What she really doesn’t expect, however, is to be lectured for her indifference to the misery she’s chronicling or for the cops to see her as the problem. 

I did feel sorry for the people in the park, she thinks defensively.

Who didn’t? But they’d been part of the landscape in Detroit for as long as I could remember. For decades before the Canadian geese arrived. Had it ever been any different? You’d have to go back to the fifties to find prosperity and that was long before my birth. And as easily as that, Violet discards any misgivings she might have and starts down a dark path.

In Shot in Detroit, her second novel, Patricia Abbott keeps the focus narrow and pointed as her laser-sharp observations reveal Violet’s increasing disconnection from normal behavior in the pursuit of her “art.” Violet is not a “nice” person, and it’s to Abbott’s considerable credit that she makes her accessible at all.

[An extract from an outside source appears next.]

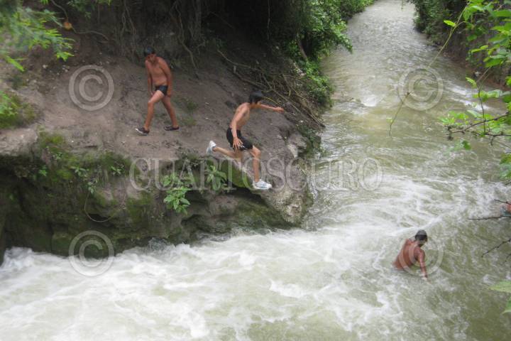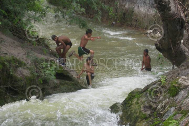 HUACAPA, GUERRERO, 27JULIO2011.- Un grupo de niños se divierten aventandose clavados en el cauce del rio Huacapa, aprovechando el desfogue de agua en la presa "Cerrito Rico", que llevan a cabo autoridades municipales con la finalidad de evitar alguna contingencia. FOTO: OSCAR ALVARADO/CUARTOSCURO.COM
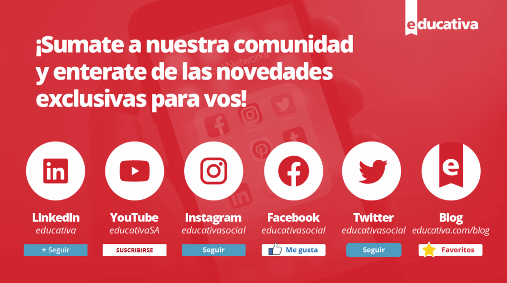 En nuestras redes sociales encontrarás información de valor sobre las tendencias del elearning y cómo plasmarlas en nuestros productos y servicios. Nos aseguramos de estar en las más utilizadas y por ello te contamos qué contenido encontrarás en cada una. Las redes sociales de educativa ¿Cuál es tu red social favorita? ¡Súmate a nuestra comunidad […]

But then, that’s something of a stock in trade for Abbott, whose award-winning short stories are elegant gems of plot and character so tightly written that they have no spare verbiage at all. In Shot in Detroit, she crafts her characters out of bone and blood and gristle, and not a word is wasted. She also uses atmosphere masterfully, and we understand—without her hitting us over the head with it—that Violet is the personification of the city where she lives: a derelict ghost town filled with rust and racial violence. Violet is exploiting the very ruin she sees all around her, and at a certain point—even before she realizes it—she has become complicit in her own destruction.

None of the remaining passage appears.